Our early environments shape us unconsciously & 👉👉 this is exactly why so many marriages go through trial after trial. Not because the relationship is broken or for a lack of love BUT because our unconscious programming is running the show.

This is the truth, no matter which way you slice the pie. 🥧

Without bringing the subconscious to the surface in your marriage, you’re essentially walking blindfolded into a minefield of emotional triggers, ones you don’t even realize you’re stepping on… until you do.

And even when you realize you’ve been triggered, without the clarity around the original trauma or emotional injury it becomes incredibly difficult to regulate what’s happening in real time…for BOTH PEOPLE.
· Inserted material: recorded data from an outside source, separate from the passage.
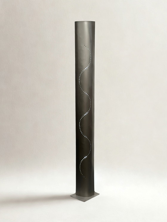 The steel column features a wavy line of perforations, creating a beautiful, rhythmic interplay of shadow and light.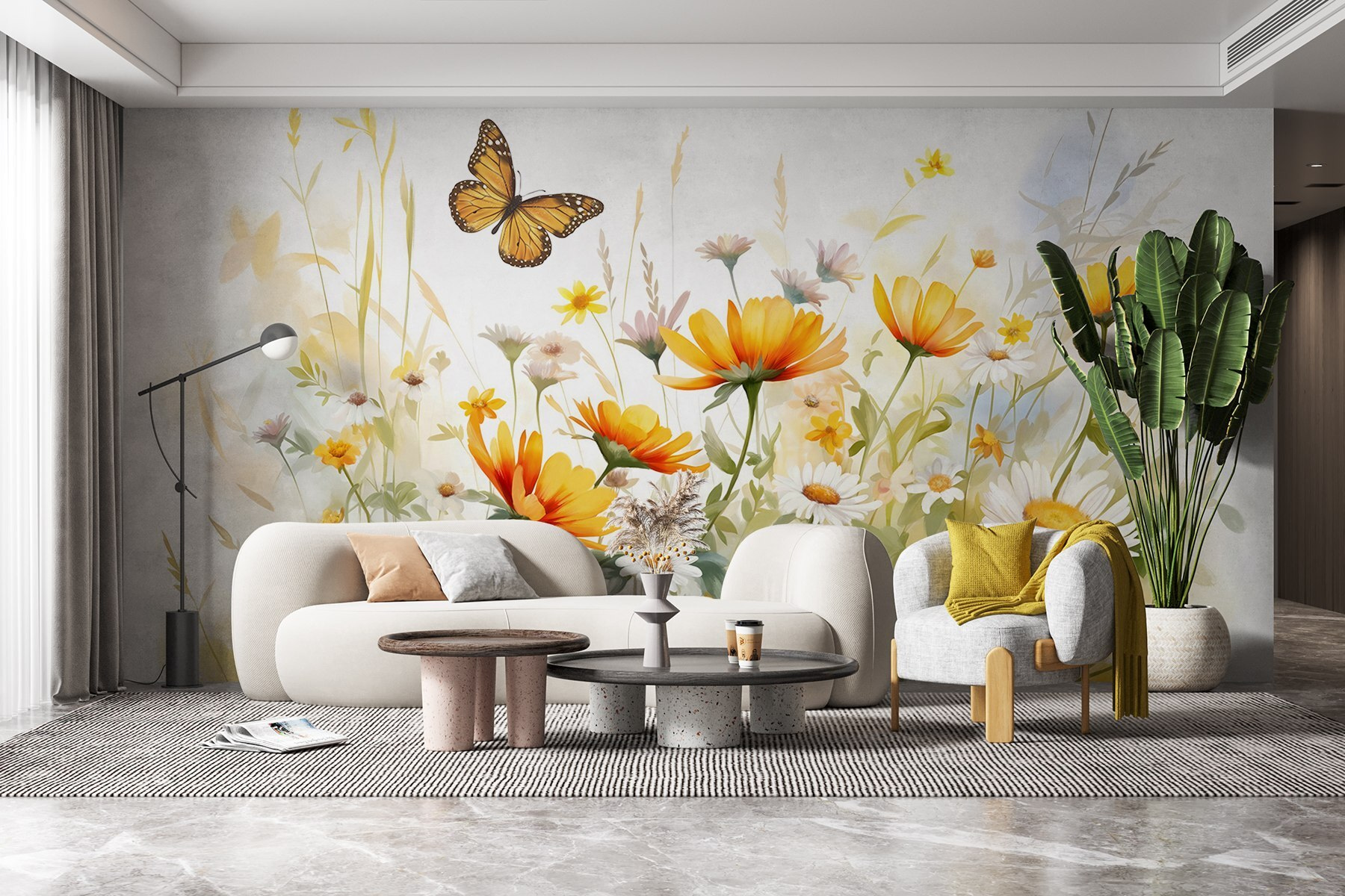 Proměňte svůj prostor v živou zahradu s touto úžasnou nástěnnou malbou motýla poletujícího nad polem květin. Přináší hravý dotek přírody, díky němuž bude každá místnost působit svěže a příjemně. Představte si, jak popíjíte kávu a kocháte se tímto veselým výjevem – je to jako mít kousek jara přímo na zdi, bez bolesti hlavy z pylu. Výbuchy barev vám mohou zvednout náladu a inspirovat vaše okolí. Je to dokonalé pozadí pro útulný čtecí koutek nebo živou hernu. Kdo by se nechtěl ponořit do této květinové fantazie?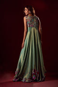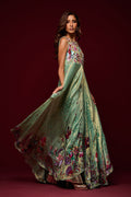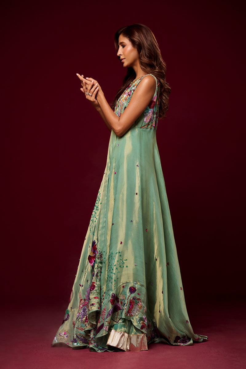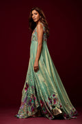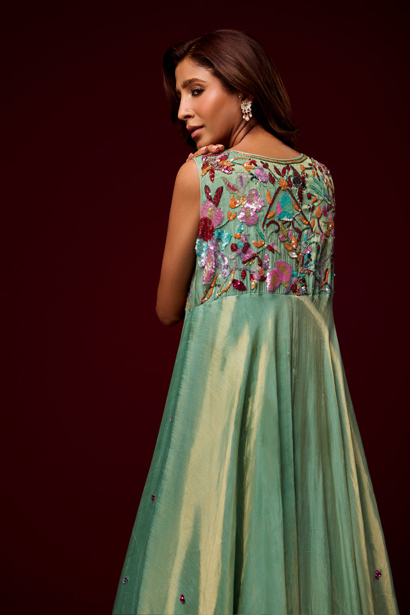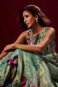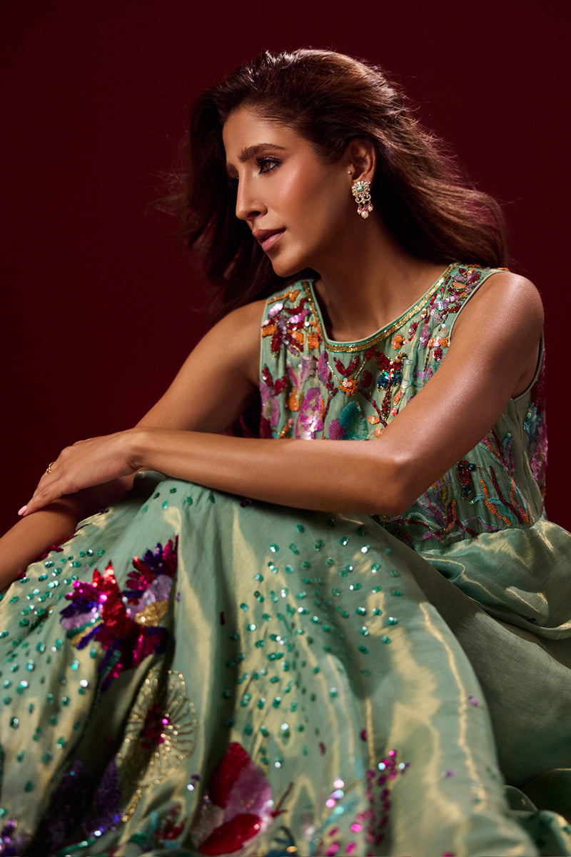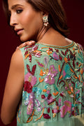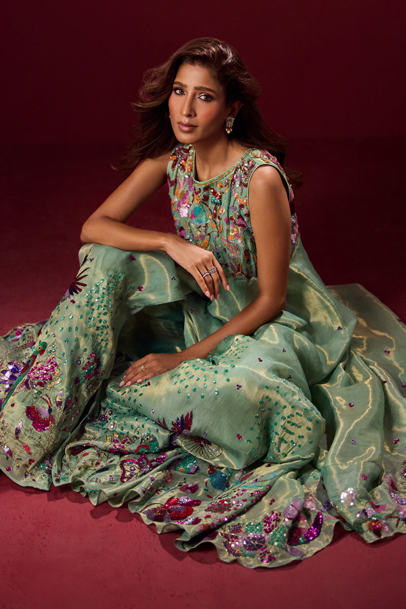 n ethereal vision in mint green, this ensemble is crafted from soft pure tissue with flowy silhouettes that move gracefully with every step. Paired with elegant monotone pants, the look is elevated with heavy hand embellishments, each detail meticulously handcrafted to create a striking balance of tradition and modern refinement.

It’s terribly confusing and frustrating…and often feels like the definition of insanity. Interestingly enough, I think insanity is based on what we are unconscious too - that’s what brings the most pain. The not knowing because when we don’t KNOW we can’t do anything to work it through…

It’s like living in a house full of mirrors and smoke… and no one is the wiser.

This is why multi-generational healing is not just helpful, it’s essential for ALL couples, especially in the early stages. Because it opens up an entirely new paradigm: one where a young couple can consciously choose their standards for love rather than unconsciously inheriting outdated, unhealthy, or toxic patterns of expectation and or worse, unconscious emotional projection.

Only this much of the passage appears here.